To get lower case characters, change line 8
// stm << '%' << std::hex << std::uppercase << c ;
stm << '%' << std::hex << std::nouppercase << c ;


> not "%FFFFFFE1".

Treat each byte in the utf-8 encoded string as an unsigned char;
the default char may be a signed integral type.
for( unsigned char c : str ) { /* ... */ }
Sep 28, 2013 at 9:08pm
Here is my code:

main.cpp : http://pastebin.com/DA2g16LW

encode.h : http://pastebin.com/1xp6eBpS

It does compile. The problem is that the encoding does not work.
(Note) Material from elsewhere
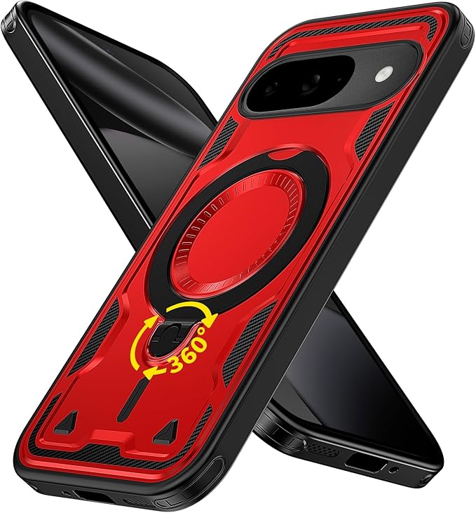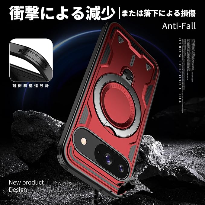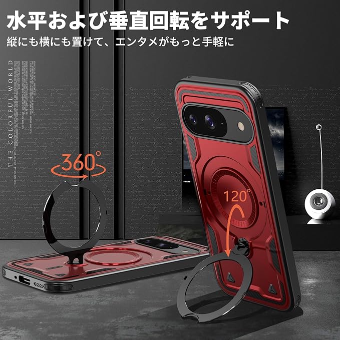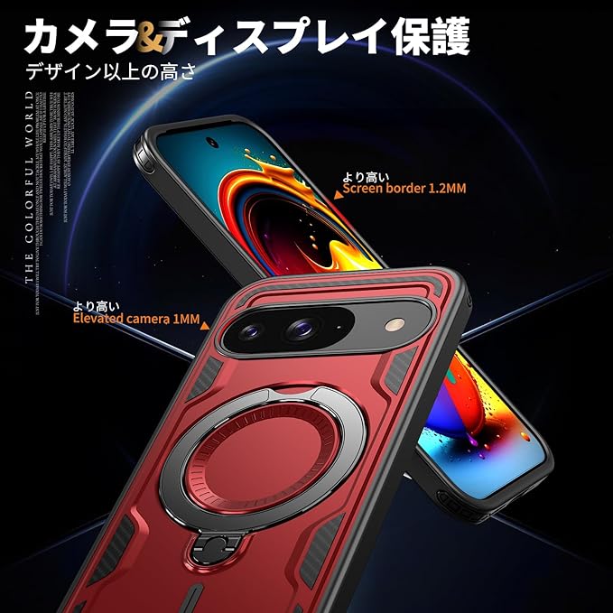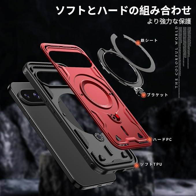 Google Pixel 10/ 10 Pro 用 ケース 耐衝撃 スタンド付き Magnetic対応 グーグルピクセル10/ 10 Pro カバー リング TPU+PC ワイヤレス充電 米軍MIL規格取得 スタンド機能 (レッド)117-PX10-03 | KAZESHOP

For example, you can run the project, press CTRL+SPACE, type 0, press Enter, type 2, press Enter, open notepad, type something and press F4.

SFML is needed.
Sep 28, 2013 at 9:39pm
> Here is my code:
> SFML is needed.

1. Write a simple text based (write to stdout) program to test your encode.h - something similar to the snippet I had posted.

2. If it does not work, post the (strictly non-SFML) code here, and we can have a look at it.
Sep 28, 2013 at 10:02pm
http://ideone.com/6r96IU

&q= is the important part.

It works fine there (Ideone).

But, when I compile using GCC, the result is:
%e1%e9%ed%f3%fa
Sep 28, 2013 at 10:13pm
Are you using an IDE like CodeBlocks?
If so, save your source file(s) with UTF-8 encoding. Menu => Edit => File Encoding => UTF-8

if not, just use notepad: Menu => File => Save As => Encoding: UTF-8
Last edited on Sep 28, 2013 at 11:00pm
Sep 28, 2013 at 11:06pm
Now it works... But only when I type the string direct in the cpp file.

If I get the clipboard text (via codes) and attempt to translate it, the conversion does not work well (%e1%e9 ...).
Last edited on Sep 28, 2013 at 11:15pm
Sep 29, 2013 at 4:54am
> Now it works... But only when I type the string direct in the cpp file.

It works when the text in question is UTF-encoded.


> If I get the clipboard text (via codes) and attempt to translate it, the conversion does not work well

It does not work when the text in question is not UTF-encoded.
Topic archived. No new replies allowed.